Scientia from AMDZone said...

Ho Ho

"On what do you base that theory?"

I was using the referenced article from HKEPC which is where Ars Technica got their information. However, let's use the more recent information:

X5460, 3.16 Ghz, 120W
E5450, 3.00 Ghz, 80W
E5440, 2.83 Ghz, 80W
L5430, 2.66 Ghz, 50W

For B2 stepping AMD has demonstrated a 3.0Ghz 130 watt part, so we would expect:

3.0 Ghz 130 watts
2.8 Ghz 90 watts
2.6 Ghz 68 watts
2.4 Ghz 45 watts

So, it looks like the power draw will be pretty even in spite of Intel's 45nm.

"Servers. Desktop will come in Q1 and by the end of Q2 half the mobile chips will be on 45nm."

Right this is a quarter behind K10.

"Yes, you could and I'm sure that K10 clock speed wil climb slow and steadily for the next months. Intel will release most clock speeds at day one and have long pause between introducing new models."

No. You are confusing this launch with the one in 2006 when Intel had a six month lead on 65nm.

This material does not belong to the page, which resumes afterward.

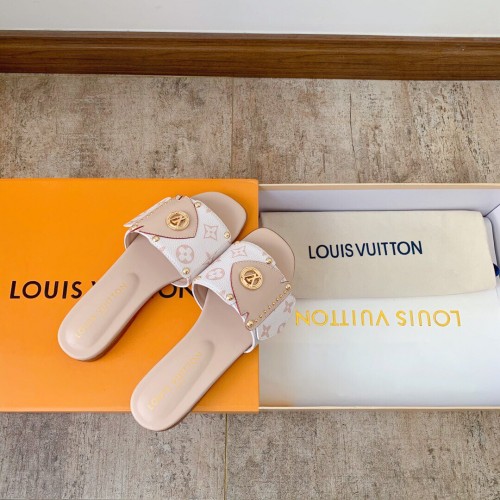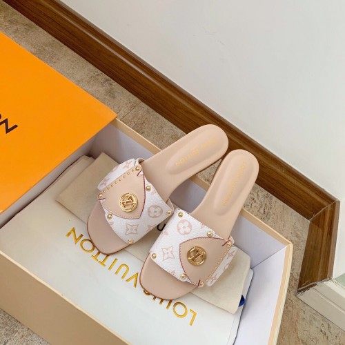 The LV Frame flat mule is a casual-chic style which pairs Monogram and Monogram Reverse canvas. It i..

This time Intel won't have the top clocks up front. The best we are likely to see in Q1 is 3.32Ghz for quad core which is only a slightly higher clock than AMD's 3.0Ghz quad core. Intel may hit 3.48Ghz in Q2 while AMD bumps to 3.2Ghz. If Intel does well they even bump to 3.64Ghz but that is six months after Penryn's launch.

"You do know that they will ramp fast and have most CPUs made on 45nm before year has passed?"

Yes, by the end of 2008. But, AMD will convert to K10 more rapidly than that. Also, AMD will convert to 45nm more rapidly than Intel does. By early 2009 Intel will have lost nearly every advantage including process and die size. Their one remaining advantage will be memory bandwidth which AMD will surpass in Q2 09. This means by mid 2009 AMD and Intel should be nearly equal in processor offerings with AMD's having a small advantage in memory bandwidth and memory cost.

Aguia said...

Axel,

there are no road maps from Intel nor from AMD, however you can see in Anandtech site one slide from AMD that says:

HE Energy Efficient:
Up to 1.9Ghz at launch; Higher in Q4/Q1

Standard Performance:
Up to 2.0Ghz at launch; Higher in Q4

SE High Performance:
2.3Ghz and above; Q4 delivery

amd promises speeds


Scientia,

This goes in line with what you already replied to me, AMD is having problems in scaling Ghz because of the TDP. I bet dual core K10 will get much faster clock speeds. AMD “big” problem is to make sure the new processors will work in the old systems where the dual core it will replace where. And that is not that easy as it may seam.

Amdzoner said...

Scientia, you seem very certain that AMD WILL have a 130W 3Ghz Quad-Core part in Q4. I will bet money that this will not see daylight, atleast not in Q4. (Of course with good yields.)

Up for a bet?

I think AMD lost the battle with Barcelona vs. Penryn. Pretty sure I'm right. 1 day until graduation. In 4P segments, it doesn't matter if AMD costs less. These guys spits out 4x the money for 2x the performance. Tigerton 2,93Ghz should be the only choice for those who wants ultimate 16-Core performance and much RAM.

Ho Ho said...

scientia
"For B2 stepping AMD has demonstrated a 3.0Ghz 130 watt part"

And you know they were 130W because ... ?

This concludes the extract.